The three baskets of the CSCE


The June 1973 Final Recommendations of the Helsinki Consultations (FRHC), which set the agenda for the work of each of the three committees in Stage II of the Conference on Security and Cooperation in Europe (CSCE), defined the three main chapters or ‘baskets’ of the negotiations forming part of the CSCE process:


— questions relating to security in Europe,

— cooperation in the fields of economics, of science and technology, and of the environment, and

— cooperation in humanitarian and other fields.


Committee I, on questions relating to security in Europe, was responsible for considering and stating those ‘basic principles which each participating State is to respect and apply in its relations with all other participating States, irrespective of their political, economic or social systems, in order to ensure the peace and security of all participating States’. In addition, it was to study proposals for a method for the peaceful settlement of disputes among participating States. Finally, it had to submit to the Conference appropriate proposals on measures such as the prior notification of major military manoeuvres and the exchange of observers by invitation at military manoeuvres under mutually acceptable conditions. Two subcommittees were assigned, respectively, to the Decalogue of principles and to confidence-building measures, while a special working party was set up to study a Swiss draft text on the peaceful settlement of disputes.


Committee II was to be responsible for drawing up a draft final document/documents containing guidelines and practical recommendations which could stimulate common efforts for increased cooperation in the fields of economics, science and technology and the environment. Assisted by five subcommittees, it would consider the following questions: commercial exchanges, industrial cooperation and projects of common interest, science and technology, environment and cooperation in other areas (transport, tourism, migrant labour, training of personnel).
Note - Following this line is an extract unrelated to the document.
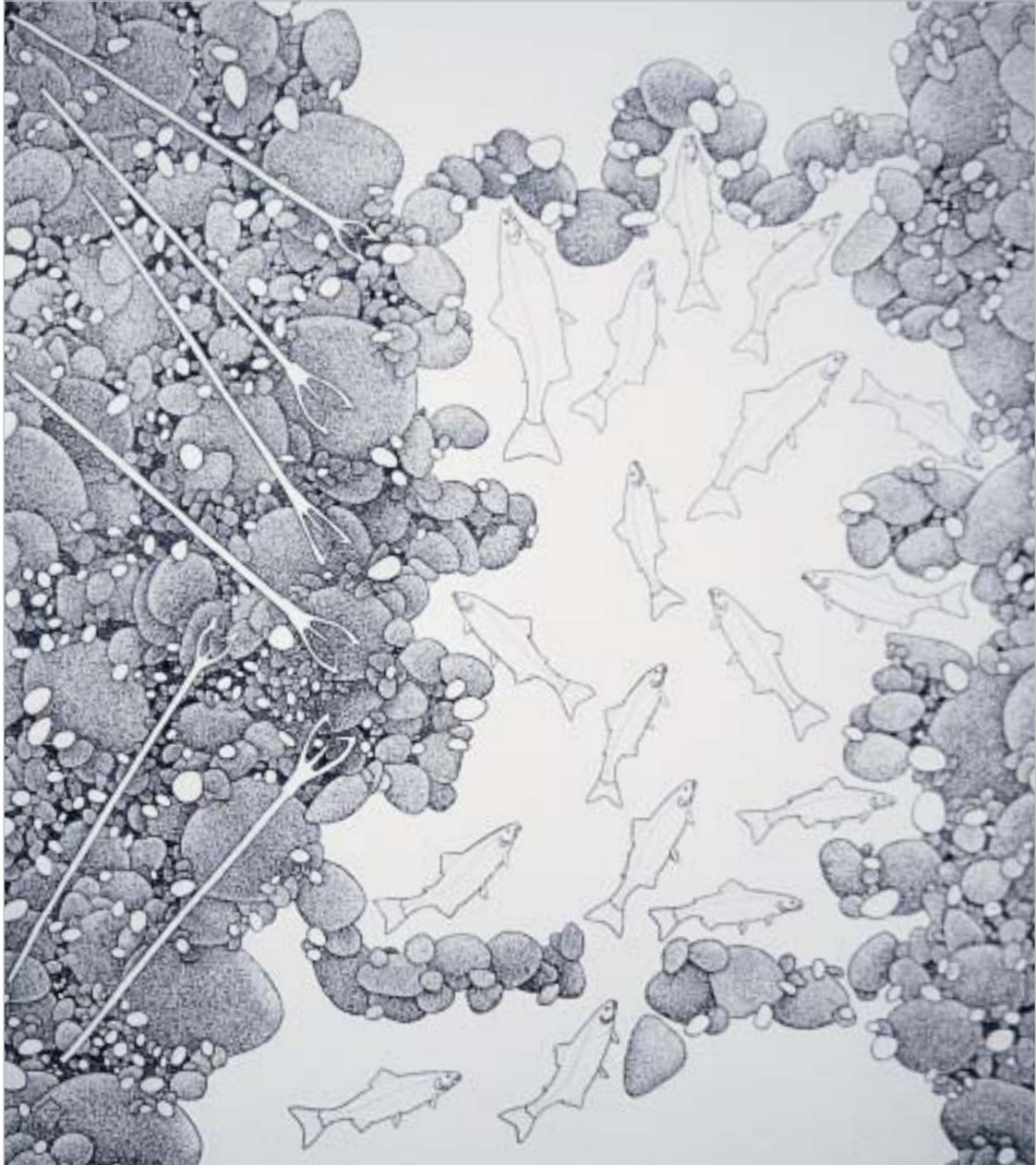
ᑭᑦᑲᑦ ᑲᑦᑲᑦᑲᑦᑲᑦ, "The Return"
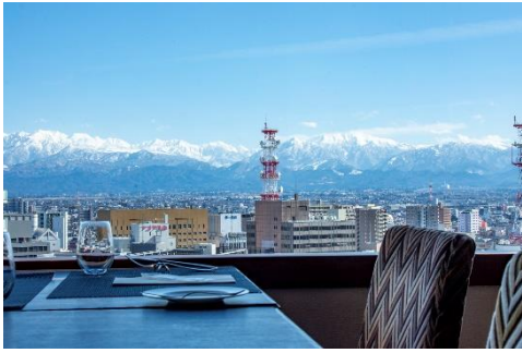
レストラン「リコモンテ」

Assisted by four subcommittees, Committee III was instructed to review all possibilities of cooperation conducive to creating better conditions for increased cultural and educational exchanges, for broader dissemination of information, for contacts between people, and for the solution of humanitarian problems.


In considering questions covered by their initial mandate, both Committee I and Committee II were to bear in mind the relationship which existed between their fields of cooperation in Europe and in the Mediterranean area. The question of Mediterranean cooperation would, finally, form part of the second basket as a separate chapter.